John Perotti, President and Chief Executive Officer of Salisbury Bancorp, Inc.,
stated that the Board of Directors has authorized the repurchased program, which
is expected to be completed within a year. Mr. Perotti explained that the Board
of Directors considers the Corporation's common stock to be an attractive
investment and that the repurchase should help to enhance shareholder value
while maintaining adequate capital for the foreseeable needs of the Corporation
and its subsidiary, Salisbury Bank and Trust Company.
In a separate release today, the Board of Salisbury Bancorp, Inc. announced the
declaration of a quarterly dividend of $0.11 and a special dividend of $0.16
payable to shareholders of record as of December 31, 1998.
According to Mr.

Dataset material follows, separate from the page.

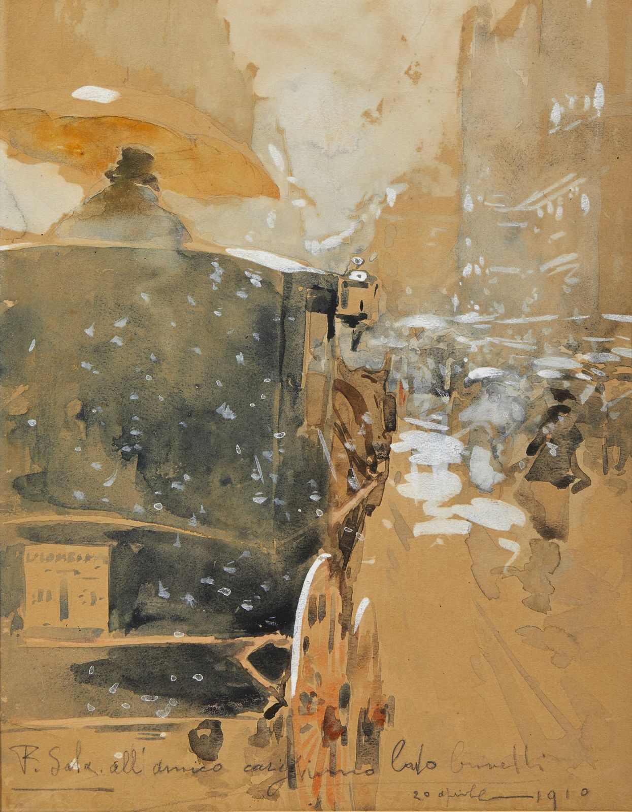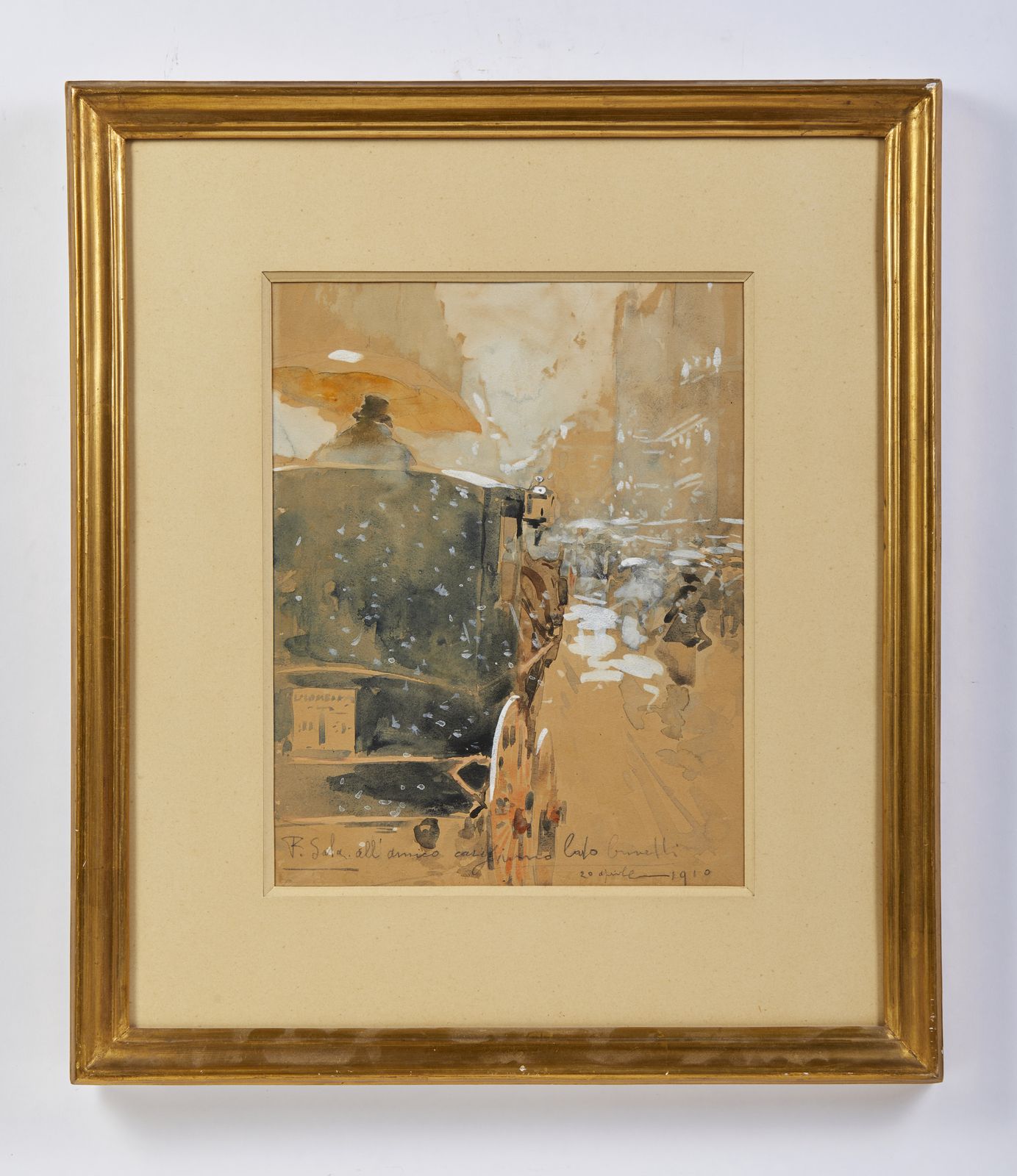 Firmato in basso a sinistra, dedicato e datato 1910 in basso a destra.

Perotti, the repurchase generally will be effected through open
market purchases, although he did not rule out the possibility of unsolicited
negotiated transactions or other types of repurchases.
Salisbury Bancorp's sole subsidiary, Salisbury Bank and Trust Company is a
community bank with assets of approximately $200 million and capital in excess
of $21 million, which has served the communities of Northwestern Connecticut and
proximate communities in New York and Massachusetts for approximately 150 years.
Salisbury Bank and Trust Company operates full service banking offices in
Lakeville, Salisbury and Sharon, Connecticut.
Salisbury Bancorp, Inc. became the bank holding company for Salisbury Bank and
Trust Company and began trading on the American Stock Exchange on August 24,
1998 through the reorganization in which shareholders of Salisbury Bank and
Trust Company exchanged each share of Bank stock for six shares of the common
stock of Salisbury Bancorp, Inc.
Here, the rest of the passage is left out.